La constitution du Nigéria n’a aucun rôle pour les dirigeants traditionnels, mais ils sont néanmoins largement respectés en tant que gardiens de la religion et de la culture.
Et cela peut être vu comme une forme de pouvoir.Olutayo Adeshina, professeur d’histoire à l’Université de Lagos, a déclaré qu’en s’engageant à respecter la culture « en protégeant, en préservant et en promouvant les valeurs traditionnelles », la constitution nigériane reconnaît le rôle important des chefs traditionnels.
« Les chefs traditionnels possèdent un pouvoir latent dont les politiciens ont peur, d’où la tension entre les deux.
« S’ils ne sont pas pertinents, les politiciens les ignoreraient. Mais vous les ignorez à vos risques et périls », a-t-il déclaré.
Mais quiconque a regardé une vidéo largement partagée sur les réseaux sociaux en janvier se demanderait si les politiciens ont encore beaucoup de respect pour les chefs traditionnels.
Un roi de l’État de Rivers, dans le sud du Nigeria, a été publiquement ridiculisé pour avoir secoué la tête pendant que le gouverneur Nyesom Wike parlait.
Le gouverneur s’est acharné sur le roi lors d’un rassemblement de dirigeants traditionnels, provoquant le rire de ceux qui étaient dans la pièce.
« Vous portez juste quelque chose de plus grand que vous … pour violer le protocole. »
Le gouverneur se moquait de la robe traditionnelle du monarque et de sa somptueuse couronne.
Des rois bagarreurs
Au cours de la même semaine où l’émir Sanusi a été renvoyé à Kano, les dirigeants traditionnels du sud-ouest de l’État d’Ekiti ont été mêlés à une confrontation avec le gouverneur qui a nommé un oba (roi yoruba) à la tête du conseil traditionnel.

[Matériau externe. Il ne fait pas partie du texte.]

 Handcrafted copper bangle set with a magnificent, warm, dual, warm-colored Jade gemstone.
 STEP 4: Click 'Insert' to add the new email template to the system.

Un groupe de 16 obas locaux n’était pas satisfait de l' »ingérence » et s’est tenu à l’écart des fonctions de l’État, suite à une lettre austère du gouverneur qui les accusait d’insubordination.
En novembre 2019, la Cour suprême du Nigéria a détrôné un autre oba, dans l’État d’Oyo, déclarant illégal le processus de son ascension au trône.

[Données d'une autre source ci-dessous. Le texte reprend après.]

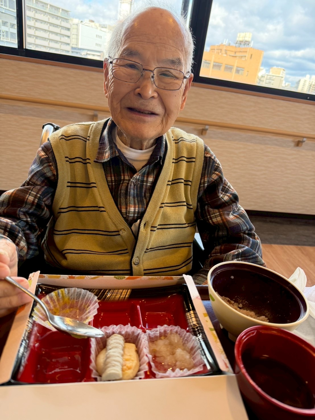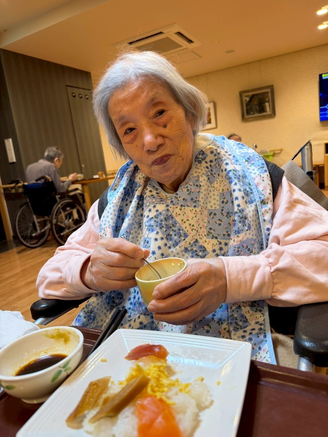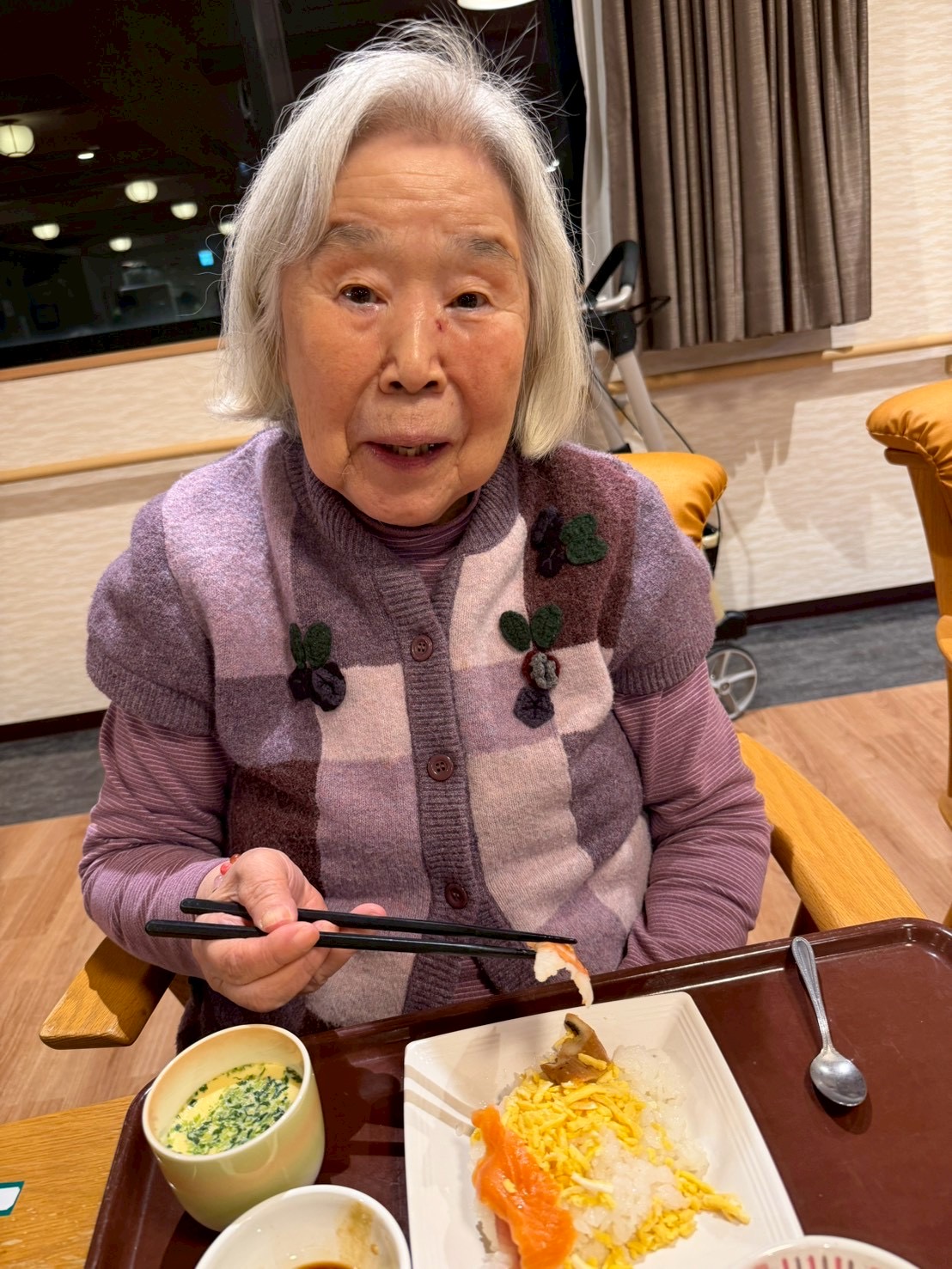利用者様からは「わぁ、立派やね。」「これを食べると一年が終わるね。」といった声が聞かれ、皆さんゆっくりと味わいながら年の瀬を過ごされました。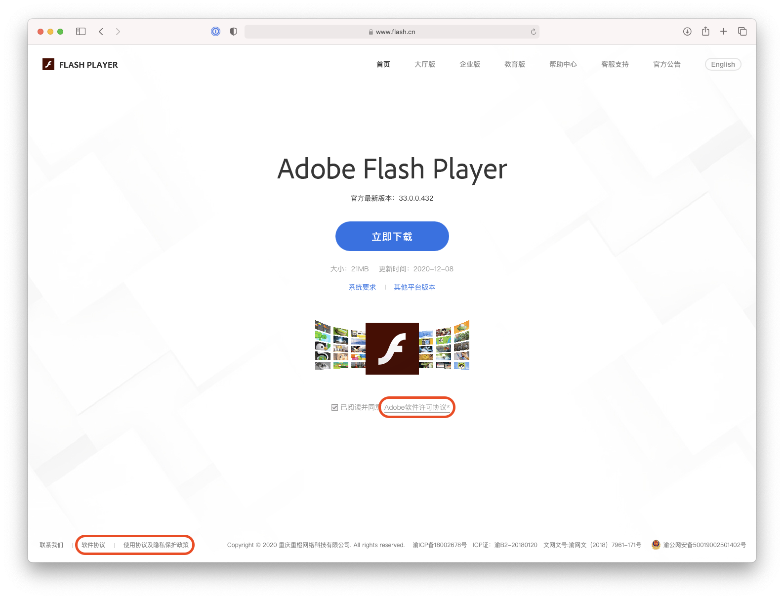 除此之外,2144的特供版Flash在使用时还需额外同意一个2144自己的用户协议,这个协议中明确表示「用户允许第三方广告」。可能是2144自己也没胆量将它放在下载按钮旁边询问用户是否同意,因此将它放在了下载页面的最底下,与「联系我们」放在了一起,祈求没有用户能看到。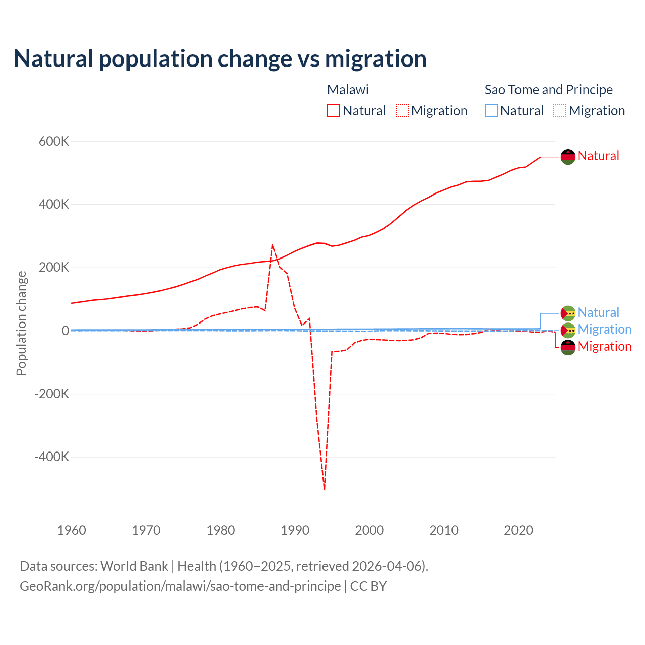 Over the last 10 years, 99.3% of the population change in Malawi is from natural causes (a gain of 5,019,393 people) and 0.67% is from migration (a loss of 33,768 people). In Sao Tome and Principe 80.1% is from natural causes (a gain of 50,822 people) and 19.9% is from migration (a loss of 12,621 people).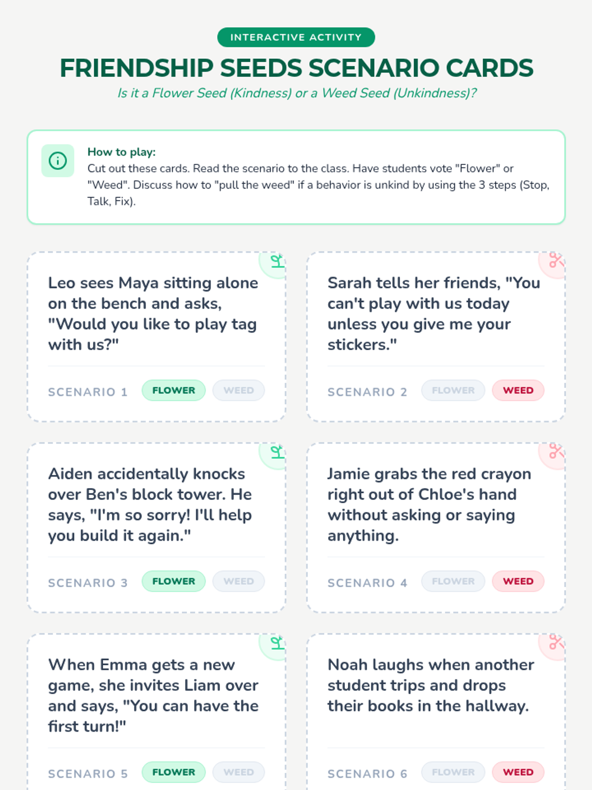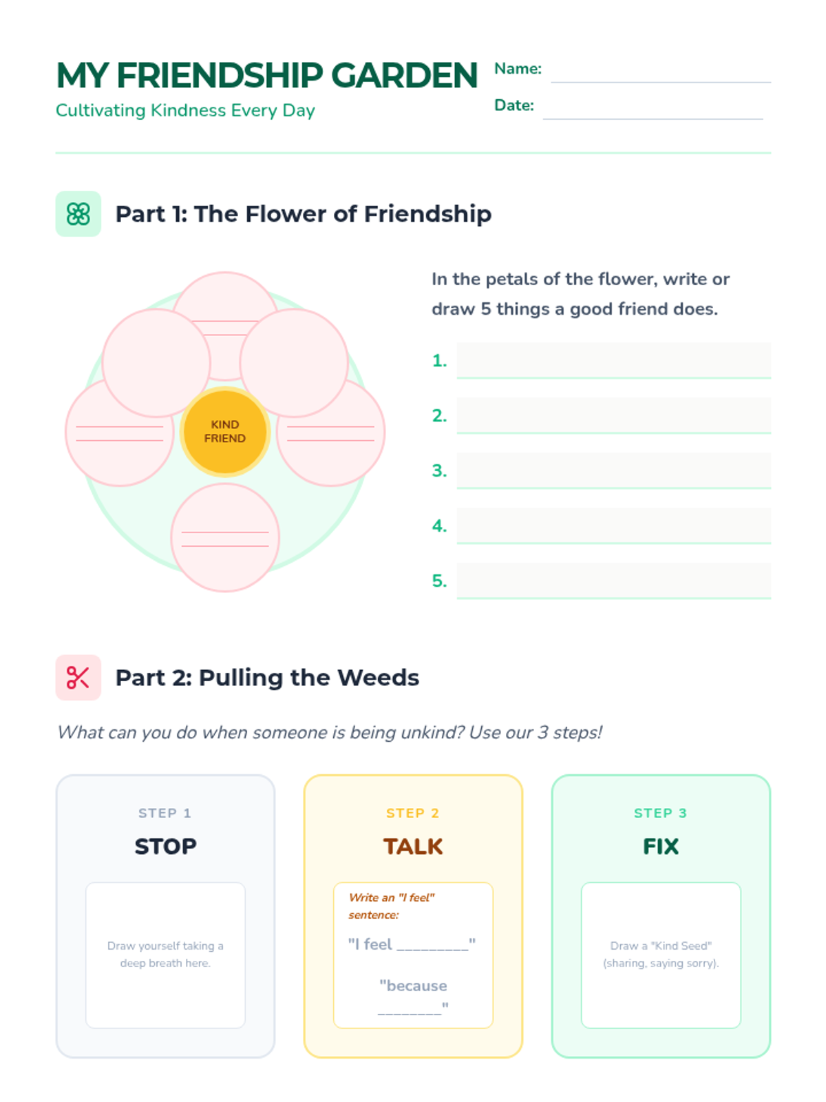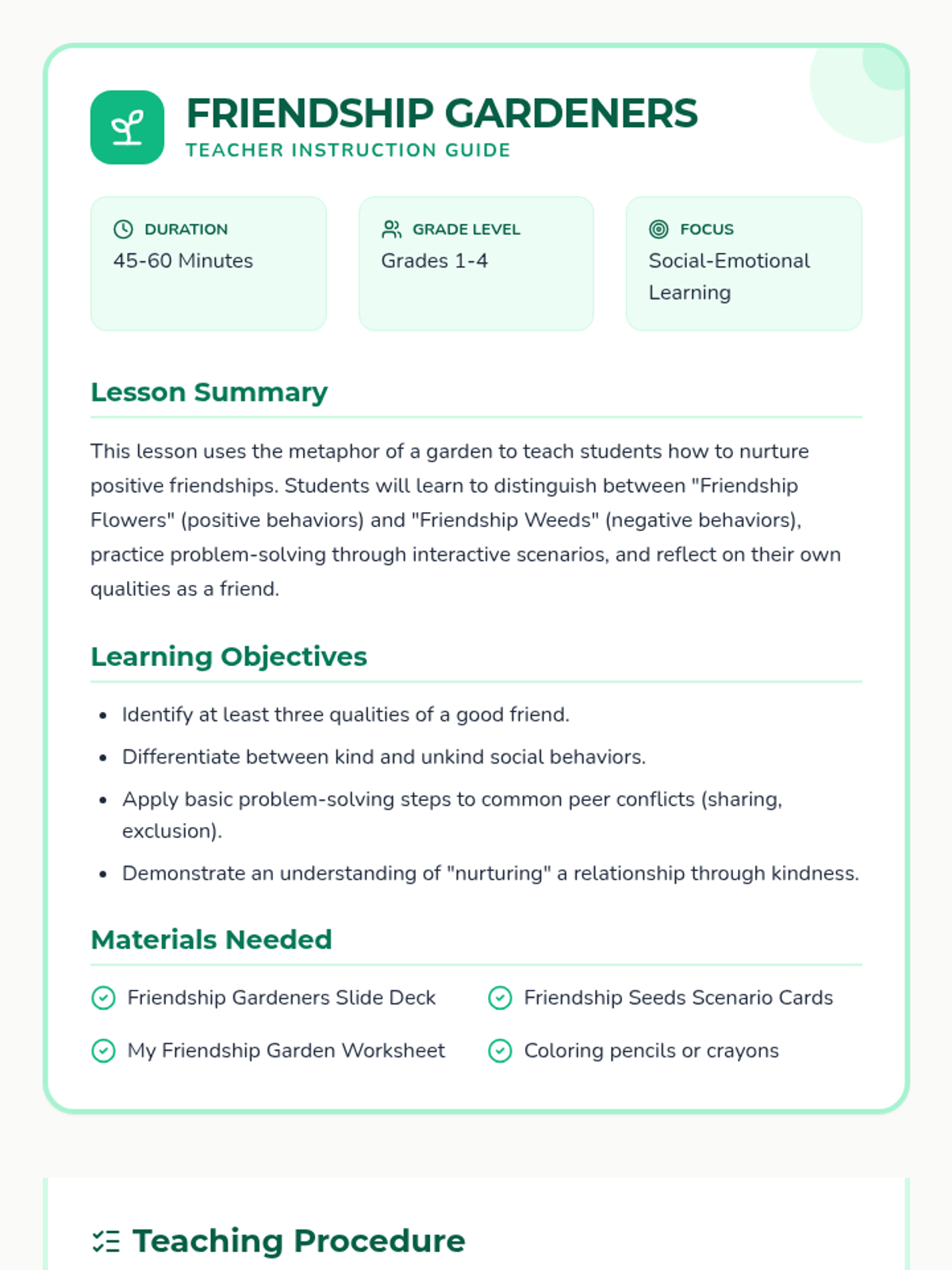 A gentle lesson for grades 1-4 focusing on kindness, sharing, and problem-solving through a botanical metaphor of cultivating a 'friendship garden.' Students identify positive friend traits and practice social skills.

Samuel Adebayo-Adegbola, qui était l’Eleruwa d’Eruwa, avait passé 21 ans sur le trône avant d’être contraint de démissionner au motif qu’il n’était pas membre de l’une des deux maisons dirigeantes de la ville dont c’était le tour de choisir un successeur en 1994.
Le trône reste vacant.Mais ce ne sont pas toujours les hommes politiques qui dénigrent la monarchie au Nigéria – les actions de certains dirigeants traditionnels les ont également mis sous le feu des projecteurs.
En février, l’Oluwo d’Iwoland, Abdulrasheed Akanbi, un oba flamboyant et controversé dans l’État du sud-ouest d’Osun s’est engagé dans une bagarre publique avec un autre monarque, Dhikrulahi Akinropo, Agbowu d’Ogbaagbaa.
Les esprits se sont chauffés lors d’une réunion pour régler un différend foncier et Oba Akanbi purge actuellement une suspension de six mois pour son rôle dans l’altercation.
« Tendance traditionnelle »
Mais certains monarques sont déterminés à gouverner d’une manière appropriée.
La page Instagram d’Oba Akanbi est un album d’images très colorées et dans un article, il parle des « rois du 21ème siècle ».
« Vous pensez que les rois ne peuvent pas être » swag « !! Les rois du 21e siècle comme moi vous surprendront !!! Vous vous êtes trompés si vous pensez que les rois sont juste des vieux en loques, tristes, qui ne peuvent pas danser, qui pratiquent du vaudou, qui sont effrayant, qui ne peuvent pas s’amuser et sont ennuyeux !!! » a-t-il publié.
Mais une telle « tendance traditionnelle » n’a pas fait son chemin parmi les jeunes et beaucoup ont profité de la déchéance de l’émir à Kano pour critiquer la monarchie.
« Des rois qui n’ont aucune autorité, aucune armée, qui ne combattent pas, ne portent aucune responsabilité pour le développement ou la prospérité de leur milieu.
« Pourtant, nous nous livrons à ce fantasme pitoyable qu’ils sont en tant que rois, tout puissant et qu’ils ont accomplis de grandes choses à l’époque. Très drôle », a déclaré cet utilisateur.